**YOUR OBJECTIVE**
All that is needed is the lines from the one containing "Eligibility rules: The" through the end of the listing, printed exactly, with no pictures among them.

**GIVEN INFORMATION**
--------------------------------------------------

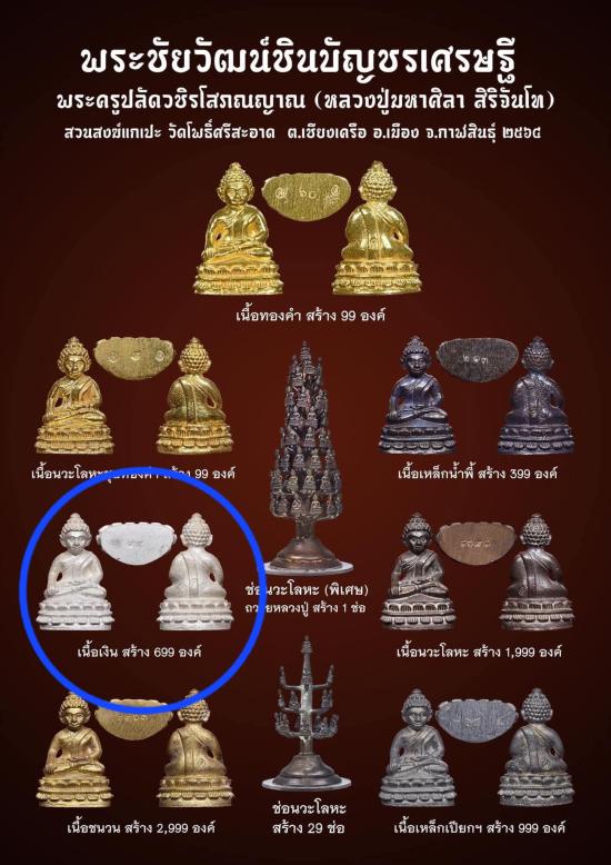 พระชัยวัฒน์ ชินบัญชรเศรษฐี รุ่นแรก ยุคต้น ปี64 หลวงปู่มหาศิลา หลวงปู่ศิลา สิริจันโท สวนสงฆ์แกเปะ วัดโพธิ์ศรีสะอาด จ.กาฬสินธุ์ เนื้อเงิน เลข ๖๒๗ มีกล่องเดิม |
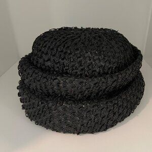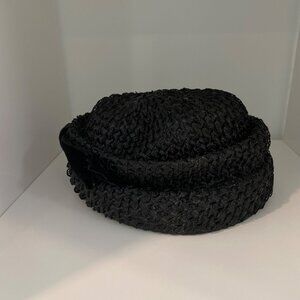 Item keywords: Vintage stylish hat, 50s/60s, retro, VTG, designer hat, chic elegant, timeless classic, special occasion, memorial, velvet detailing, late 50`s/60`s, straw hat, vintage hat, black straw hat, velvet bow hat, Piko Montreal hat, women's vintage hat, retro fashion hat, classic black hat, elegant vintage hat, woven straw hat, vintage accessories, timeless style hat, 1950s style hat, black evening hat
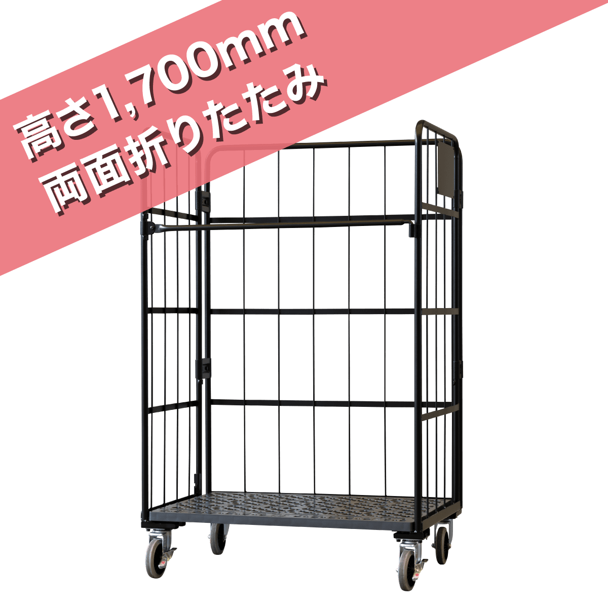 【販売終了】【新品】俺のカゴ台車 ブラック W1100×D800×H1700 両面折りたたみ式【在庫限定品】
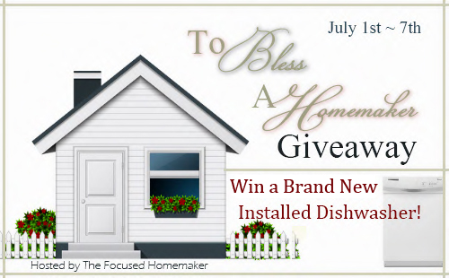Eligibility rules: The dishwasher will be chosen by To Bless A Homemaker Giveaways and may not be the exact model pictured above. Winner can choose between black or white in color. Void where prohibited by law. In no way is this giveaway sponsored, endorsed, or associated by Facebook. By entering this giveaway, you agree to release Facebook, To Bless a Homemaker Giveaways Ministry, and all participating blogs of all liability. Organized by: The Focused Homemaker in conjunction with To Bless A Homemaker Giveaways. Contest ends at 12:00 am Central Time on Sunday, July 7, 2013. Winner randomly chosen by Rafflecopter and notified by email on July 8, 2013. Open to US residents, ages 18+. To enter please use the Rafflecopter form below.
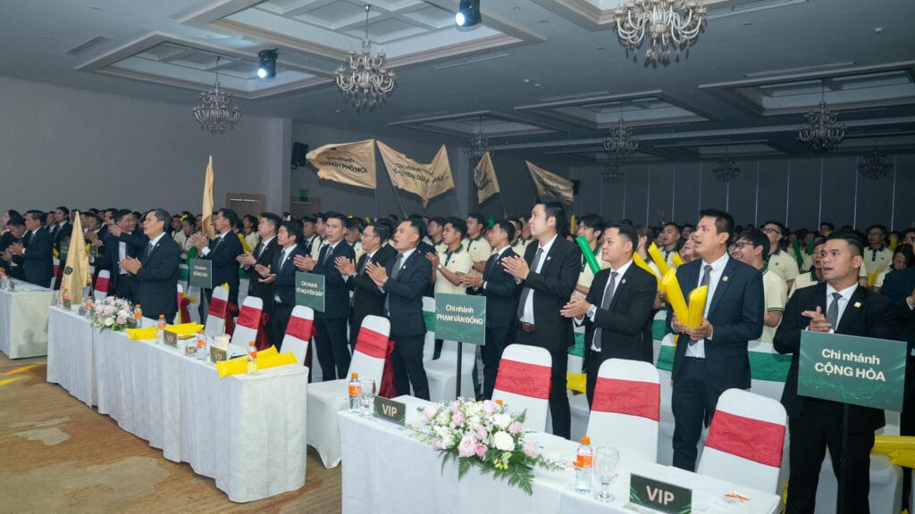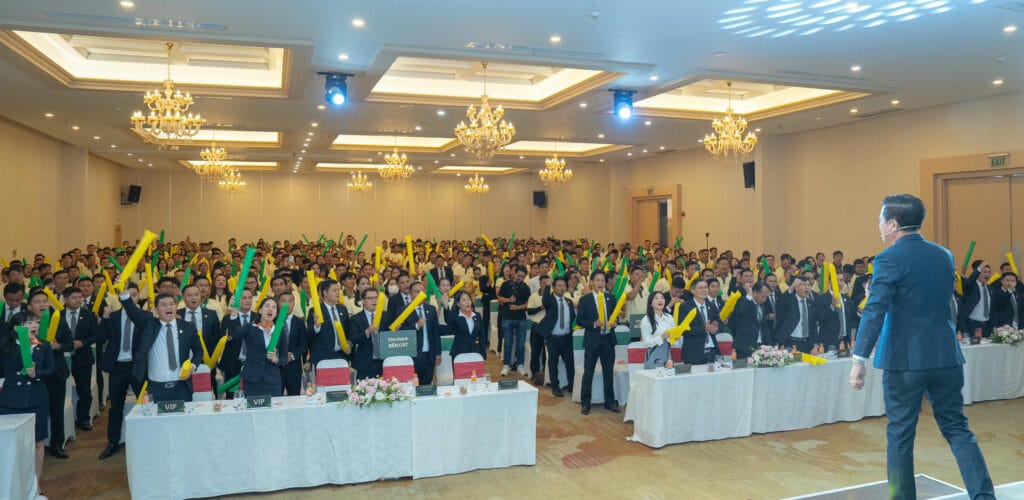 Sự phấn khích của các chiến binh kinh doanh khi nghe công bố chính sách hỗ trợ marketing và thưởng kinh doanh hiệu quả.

--------------------------------------------------

**WORKED SOLUTION**
Eligibility rules: The dishwasher will be chosen by To Bless A Homemaker Giveaways and may not be the exact model pictured above. Winner can choose between black or white in color. Void where prohibited by law. In no way is this giveaway sponsored, endorsed, or associated by Facebook. By entering this giveaway, you agree to release Facebook, To Bless a Homemaker Giveaways Ministry, and all participating blogs of all liability. Organized by: The Focused Homemaker in conjunction with To Bless A Homemaker Giveaways. Contest ends at 12:00 am Central Time on Sunday, July 7, 2013. Winner randomly chosen by Rafflecopter and notified by email on July 8, 2013. Open to US residents, ages 18+. To enter please use the Rafflecopter form below.
 Sự phấn khích của các chiến binh kinh doanh khi nghe công bố chính sách hỗ trợ marketing và thưởng kinh doanh hiệu quả.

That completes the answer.